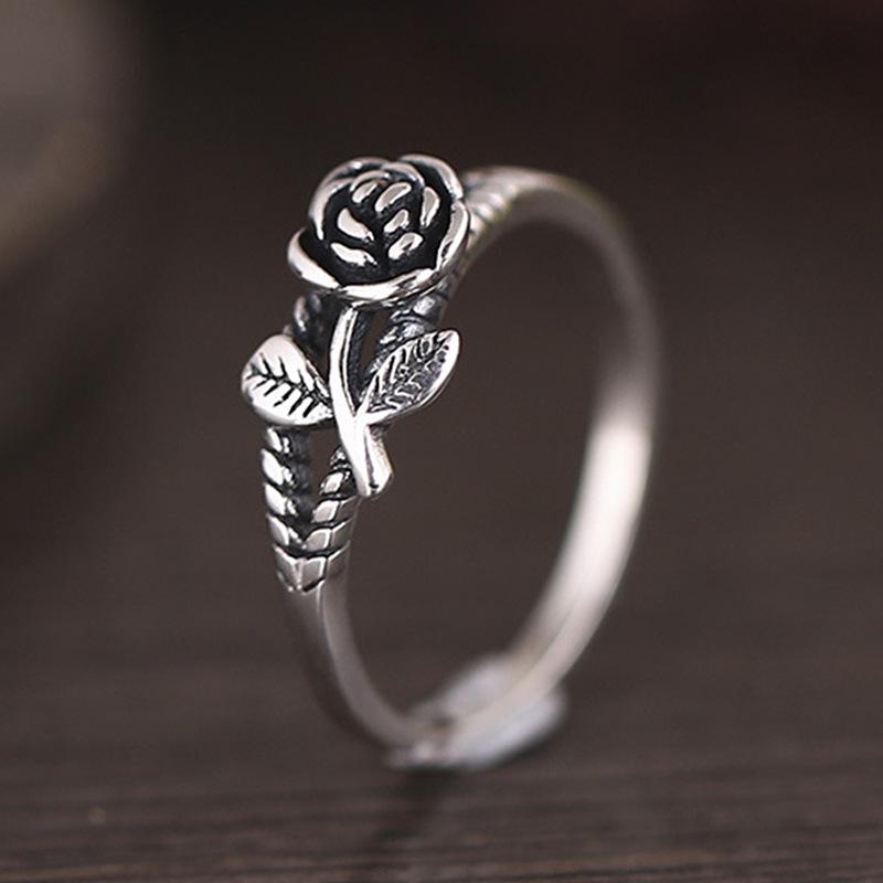 Античное серебро Готическое кольцо с розой, регулируемое, женское
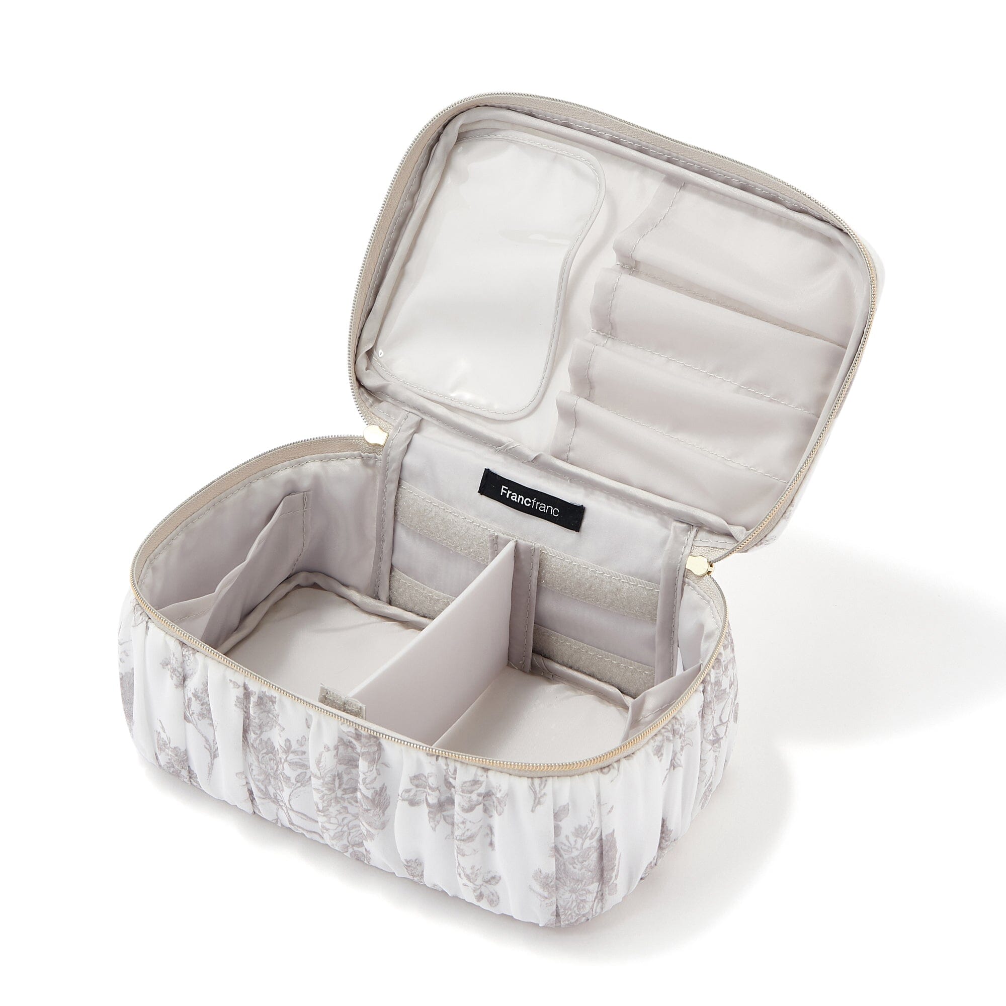 A pouch made of fluffy layers of chiffon fabric with a trendy floral pattern.The delicate flower print has the same design as the fragrance series "White Musk". By displaying them together, you can create a sweet sense of unity in your makeup space.
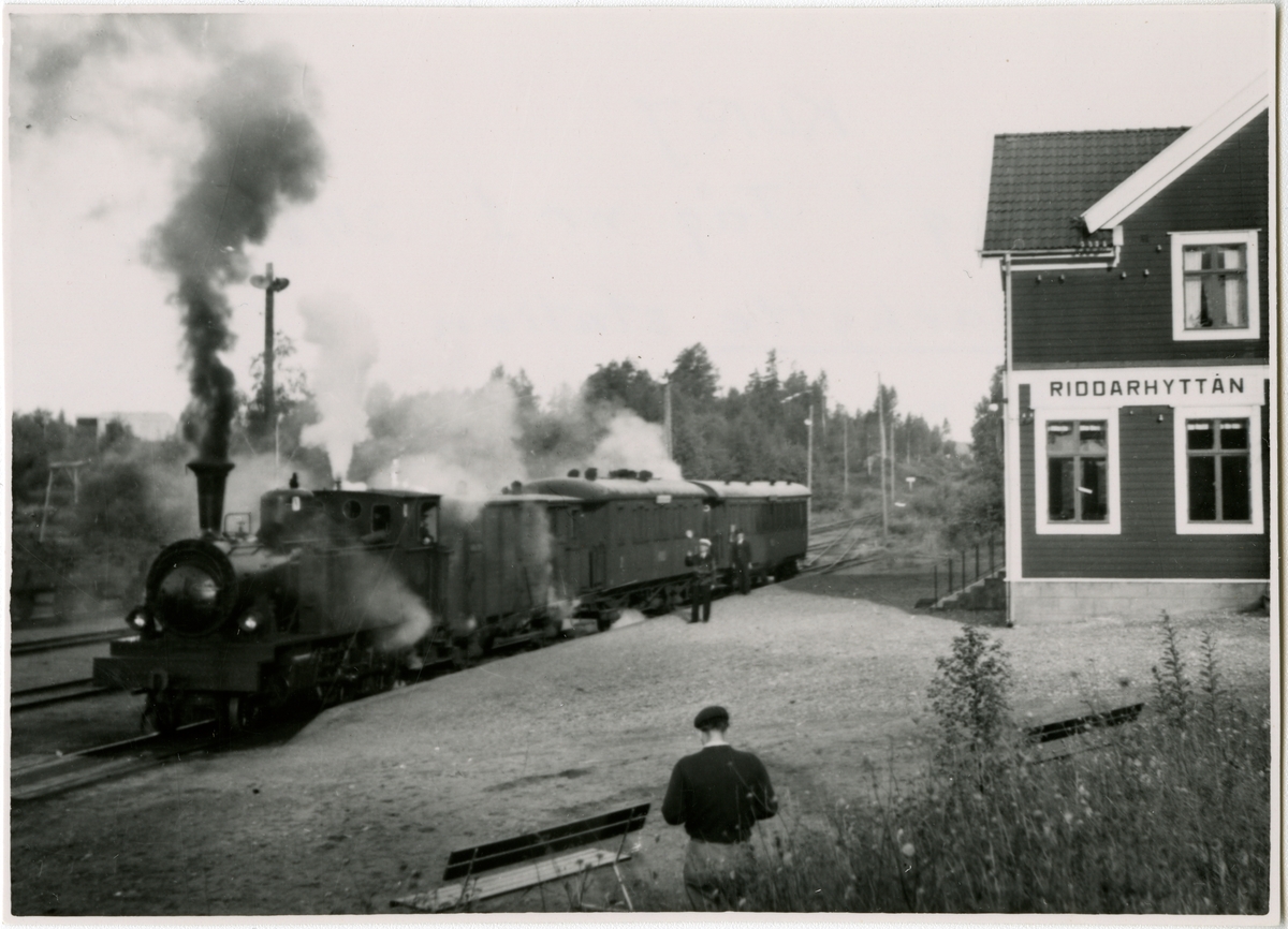 Köping Uttersbergs Riddarhyttans Järnväg, KURJ Lok 9 på avgång från Riddarhytte station
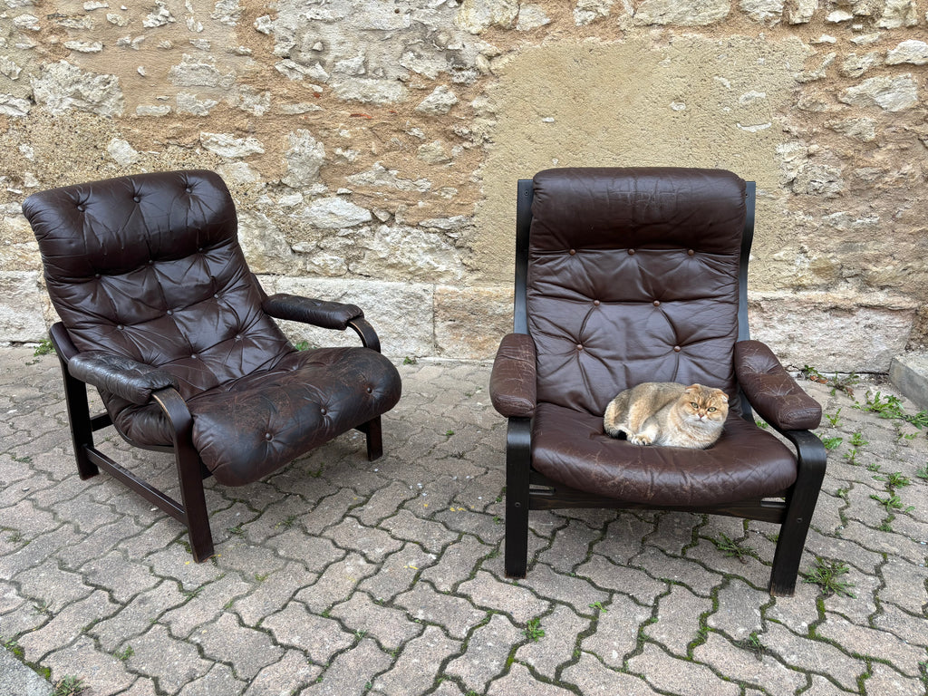 Possibilité de faire l’acquisition de trois fauteuils scandinaves, le modèle est le même pour une paire, et differe légèrement pour l’un d’entre eux.
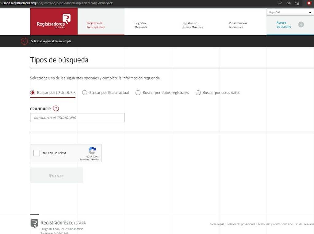 2. Далее нужно выбрать способ поиска вашего недвижимого объекта: по CRU/IDUFIR, по данным о владельце (titular actual), по регистрационным данным (datos registrales) или по иной информации (otros datos).
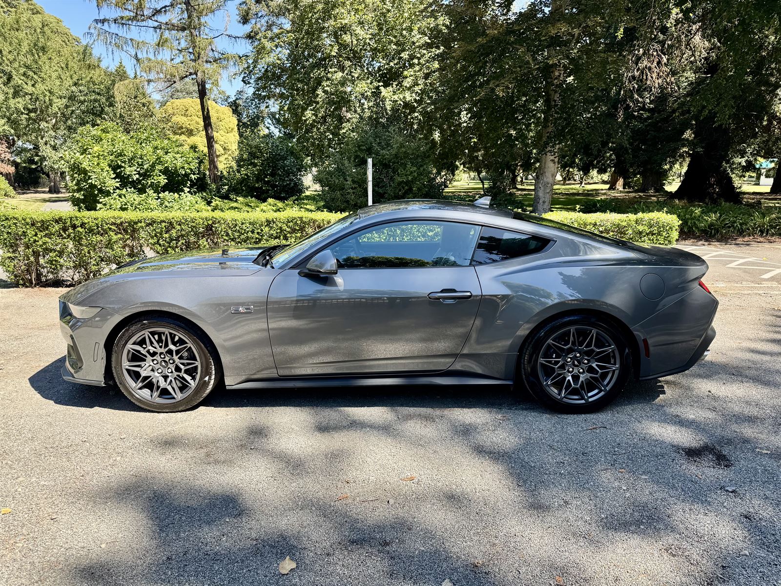 The 2025 Ford Mustang in Charcoal Metallic is the definitive modern muscle car, blending a stealthy, industrial aesthetic with the raw soul of an American icon. This latest S650 generation features a sharpened exterior design, where the deep metallic finish accentuates the aggressive hood vents and the signature tri-bar LED lighting. Powered by the legendary 5.0L Coyote V8 engine, the Mustang delivers an exhilarating rear-wheel-drive experience that remains perfectly composed on twisting Kiwi backroads.Inside, the jet-fighter-inspired cockpit boasts a massive curved digital display and premium materials, offering a sophisticated environment for every mission. It is a professional, high-performance masterpiece that commands respect at every intersection, proving that some legends only get better with age. It is the ultimate statement for the driver who demands presence, power, and timeless style.
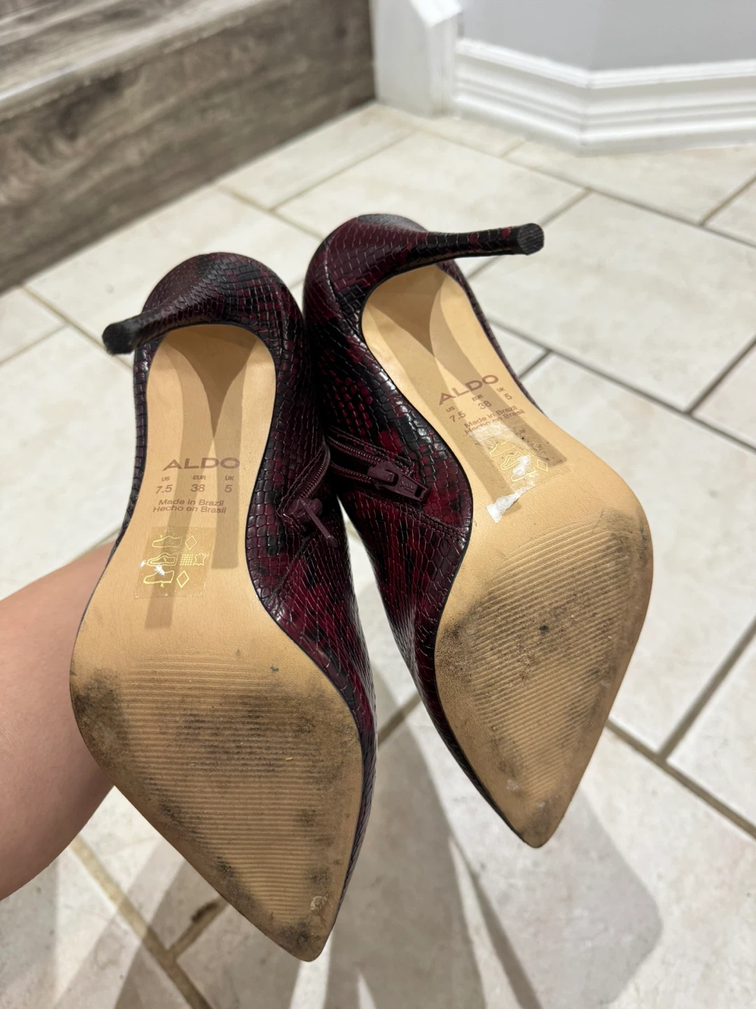 Stylish ALDO boots with a faux snake print pattern. Feature a pointed toe and side zipper. Heel height is approximately 4 inches.
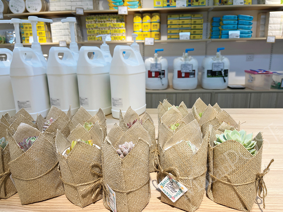 In addition to selling various kinds of “naked products”, i.e., products without packaging, including cleaning goods and the store’s flagship product – bamboo paper towels, as well as potted plants grown by young people with special education needs, the green store also includes products from local cultural creators on consignment.
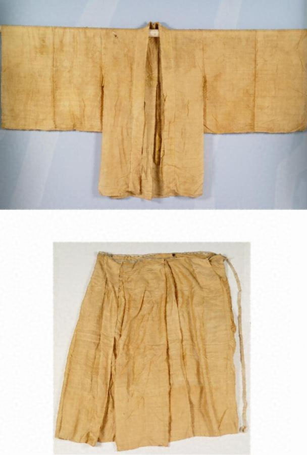 法衣は上下別で、絹糸の平織り、とても柔らかく軽い。袈裟は七条袈裟で、地は経緯絹で、精錬されず、撚りのない生糸で織られている。組織は綾織りで入子菱模様、色は黄色で、天然染料による。条の部分は経が絹糸で、緯は木綿の糸と銀糸で織られ、雲に交互に向かい合わせた鳳凰模様がみてとれる。地の破損が著しく、条の部分は色褪せて銀糸は銀が剥がれ落ちているが、非常に繊細な作りで軽い。
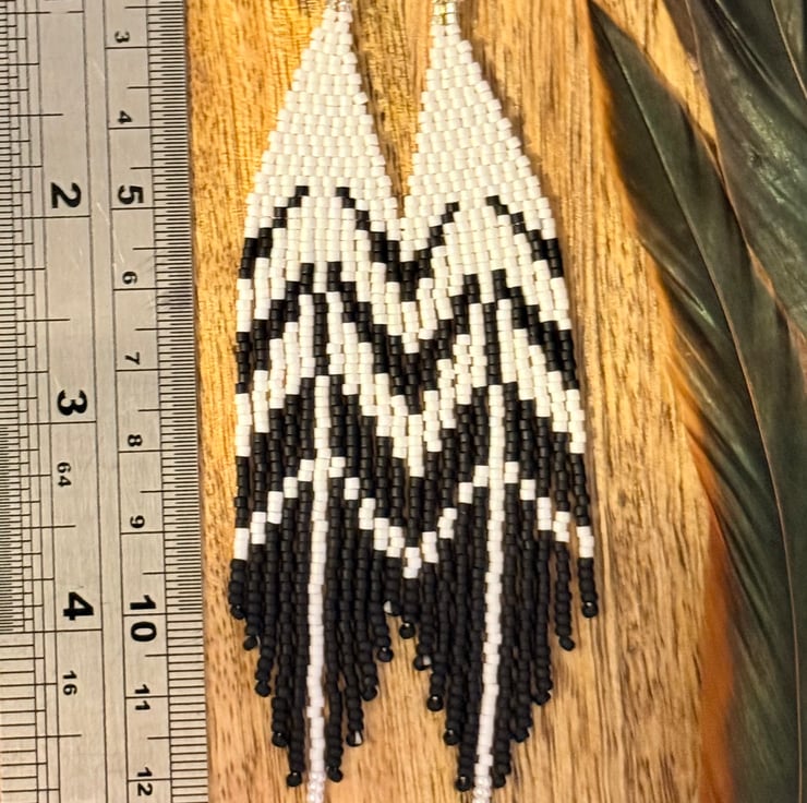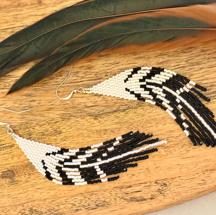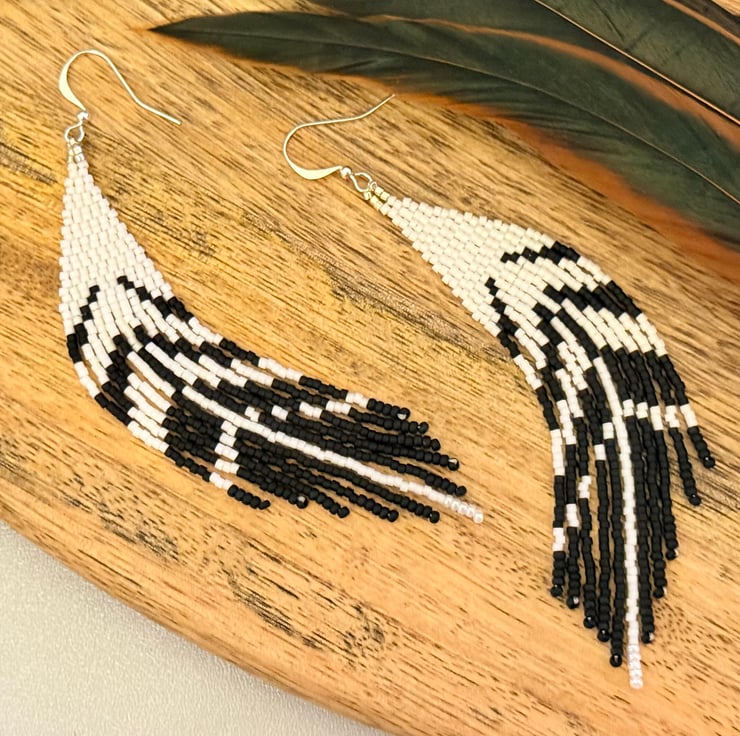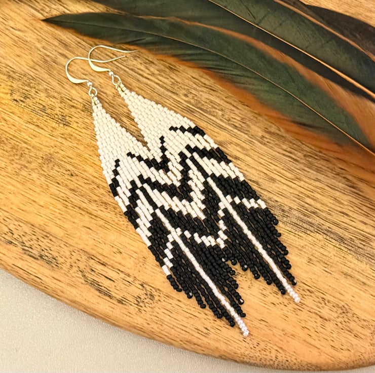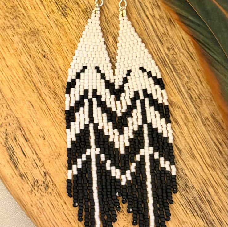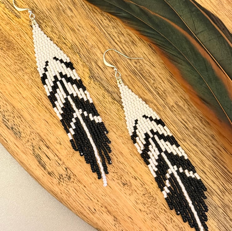 Long black and white beadwork feather earrings. These earrings are handmade by me with tiny Miyuki beads that are handwoven together in a double row to form the top of these earrings.
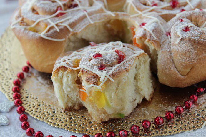 Раскатайте тесто в прямоугольник. Выложите цукаты и нарезанный небольшими кусочками марципан.
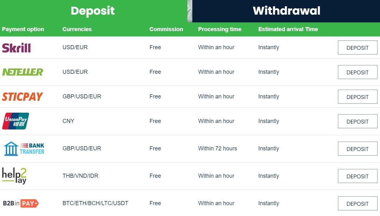 The first deposit with a new card/e-wallet will be manually reviewed and the fund will be credited immediately after the review is successful. Every subsequent deposit made with one of the verified methods will be credited instantly to your trading account. Commission CWG Markets does not charge any fees/commissions on deposits/withdrawals. However, you may be charged by the International Bank involved in the transfer. The client shall bear the costs.
■ ■ ■ ■ ■
> TASK REQUIREMENTS
Please reproduce the listing exactly from its opening line through the line that contains "Stylish ALDO boots", both included, with all pictures omitted.

> EXERCISE RESULT
 Античное серебро Готическое кольцо с розой, регулируемое, женское
 A pouch made of fluffy layers of chiffon fabric with a trendy floral pattern.The delicate flower print has the same design as the fragrance series "White Musk". By displaying them together, you can create a sweet sense of unity in your makeup space.
 Köping Uttersbergs Riddarhyttans Järnväg, KURJ Lok 9 på avgång från Riddarhytte station
 Possibilité de faire l’acquisition de trois fauteuils scandinaves, le modèle est le même pour une paire, et differe légèrement pour l’un d’entre eux.
 2. Далее нужно выбрать способ поиска вашего недвижимого объекта: по CRU/IDUFIR, по данным о владельце (titular actual), по регистрационным данным (datos registrales) или по иной информации (otros datos).
 The 2025 Ford Mustang in Charcoal Metallic is the definitive modern muscle car, blending a stealthy, industrial aesthetic with the raw soul of an American icon. This latest S650 generation features a sharpened exterior design, where the deep metallic finish accentuates the aggressive hood vents and the signature tri-bar LED lighting. Powered by the legendary 5.0L Coyote V8 engine, the Mustang delivers an exhilarating rear-wheel-drive experience that remains perfectly composed on twisting Kiwi backroads.Inside, the jet-fighter-inspired cockpit boasts a massive curved digital display and premium materials, offering a sophisticated environment for every mission. It is a professional, high-performance masterpiece that commands respect at every intersection, proving that some legends only get better with age. It is the ultimate statement for the driver who demands presence, power, and timeless style.
 Stylish ALDO boots with a faux snake print pattern. Feature a pointed toe and side zipper. Heel height is approximately 4 inches.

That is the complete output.